Joseph Di Pasquale is an Italian architect.

==Biographical notes==
Graduated with honors in architecture at Politecnico di Milano in 1991. Honorary degree in Social and Political Science, ISFOA University, Zurich 2024. In 2019 he got a "cum laude" PhD at Politecnico di Milano with the thesis: "Hybrid Modular Architecture: a strategic framework of building innovation for emerging housing behaviors in urban contexts".

Since 2009 contract professor at the Faculty of Architecture at Politecnico di Milano.

In 2001 he studied Film Directing in New York Film Academy. He started his professional practice JDP Architects since 1992 and operates in Europe and China.

==Career==
Di Pasquale claims a lack of identity in contemporary globalized architecture, considers himself an architectural storyteller and a seeker of new interpretations for the contemporary city. In the book "Dense City" he identifies a structural relationship between urban density and cultural identity in urban fabric and architecture.

He states "the contemporary city is no longer able to generate significant urban space because the modern architecture has abandoned the idea of "facade", which means the idea to orient the buildings, therefore the city no longer looks toward its space, but it's made by architectures that are meant to be looked upon as single sculptures or objects". Since 2008, he has produced several works on cultural dissemination with lectures and conferences in Italy, China, Russia and the United States. He has been an observer of the historical meeting between Chinese tradition and the western contemporary society in the early 21st century. In 2013, he declared to the Il Sole 24 Ore that contemporary Chinese society and architecture are "seeking the contemporary transposition of its millenary tradition". Di Pasquale is the author of many articles in "L'Arca International" magazine In his academic research he defines and investigates hybrid modular systems and concepts in terms of process innovation linked with the ongoing deep changes of lifestyles and housing habits in contemporaneity.

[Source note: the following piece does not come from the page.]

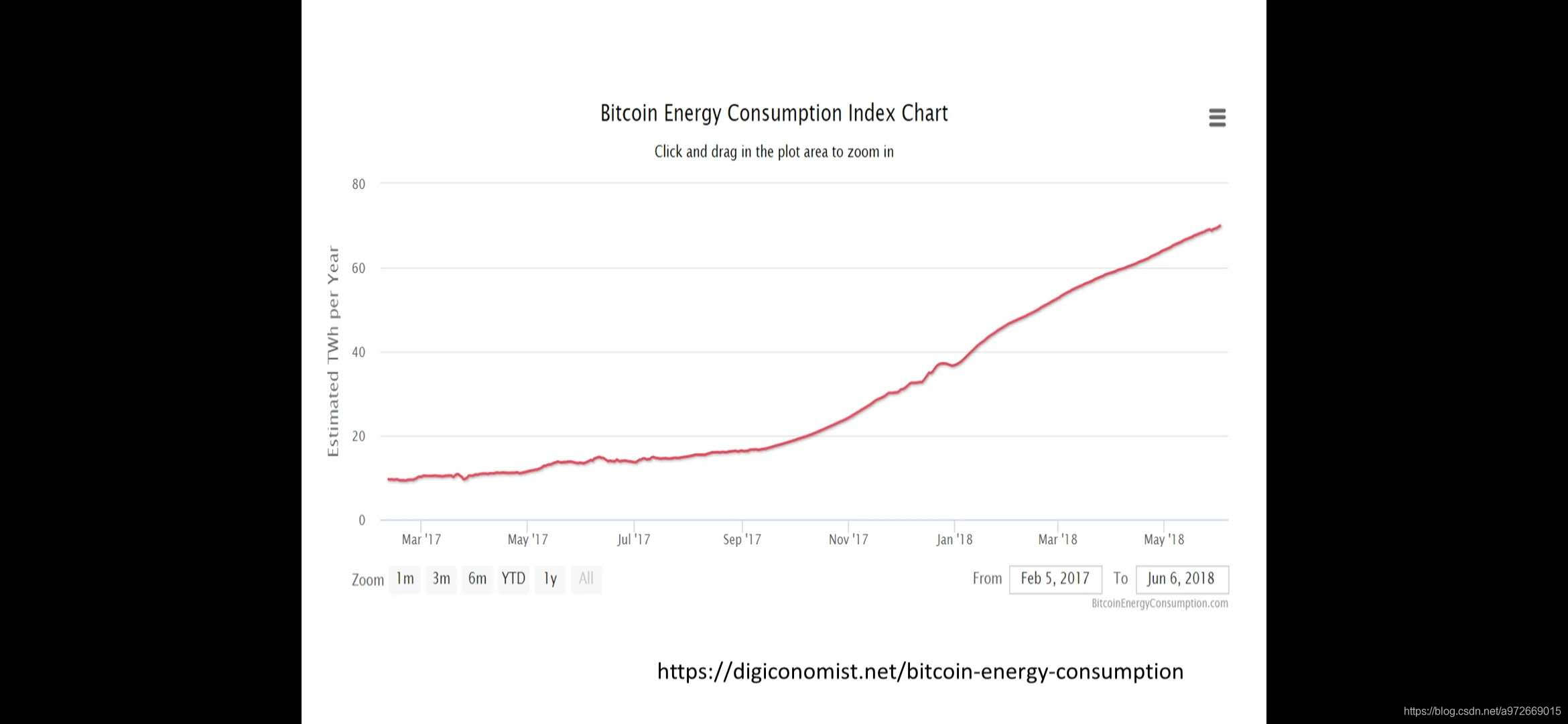 比特币能耗随时间变化的情况:随时间不断增长

In the further development of experimental research on the innovation of residential typologies in urban contexts, Joseph di Pasquale defines the concept of adaptive housing which inverts the relationship between user needs and the size of the accommodation: instead of the users adapting to the dimensions of the home, it is the home that expands and shrinks according to the evolving needs of individuals and families over time.

In 2023 he designed the first adaptive housing building and founded a development company for its construction in Milan, financing the operation through crowdfunding.

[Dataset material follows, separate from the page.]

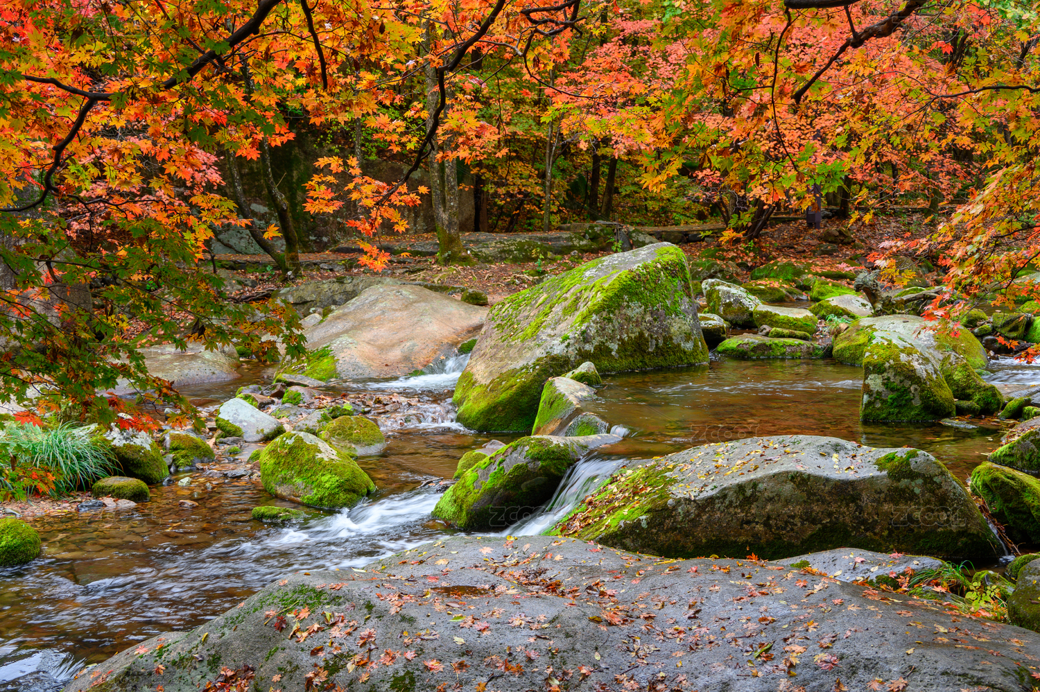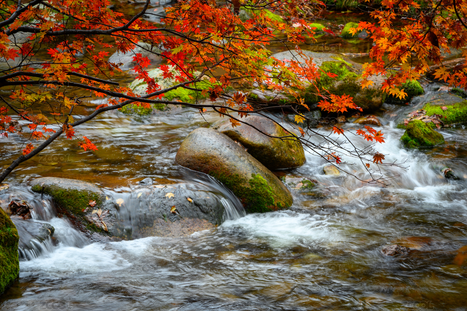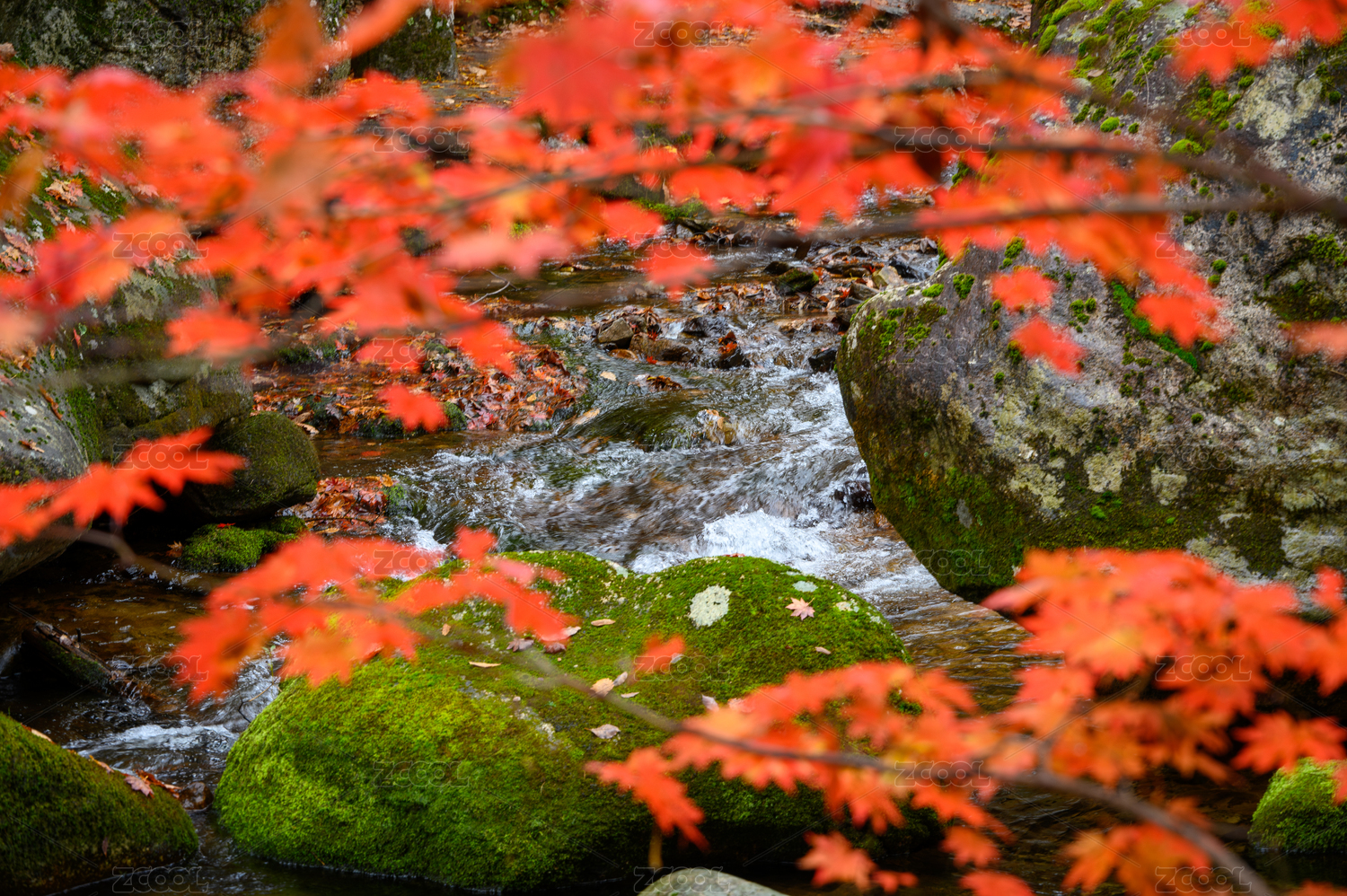 秋天,红叶,枫叶,溪流,流水,河流,石头,青苔,苔藓,秋季

He has been appointed by the Italian Ministry of Foreign Affairs as the Ambassador of Italian Design Day 2024 and in that capacity gives numerous lectio magistralis at Italian Consulate in Guangzhou, at South China University of Technology in Guangzhou and Shenzhen in China.

In 2024 he published the book Esseri Urbani, la città relazionale e i nuovi paradigmi dell’abitare (Urban Beings, the Relational City and the New Paradigms of Housing) in which he theorized the concept of the “relational city,” according to which the physical city in history is nothing more than the materialization of the relational geometry of humankind in its historical evolution. Intervention on the city can no longer be done according to a modeling approach but based on the concept of relational density, through which to intercept and interpret the housing desire of individuals and communities taken as a "relational good" underlying urban quality. From this perspective, urban and housing policies are thus configured as adaptive strategies that are structurally open to evolving behaviors and relational densification.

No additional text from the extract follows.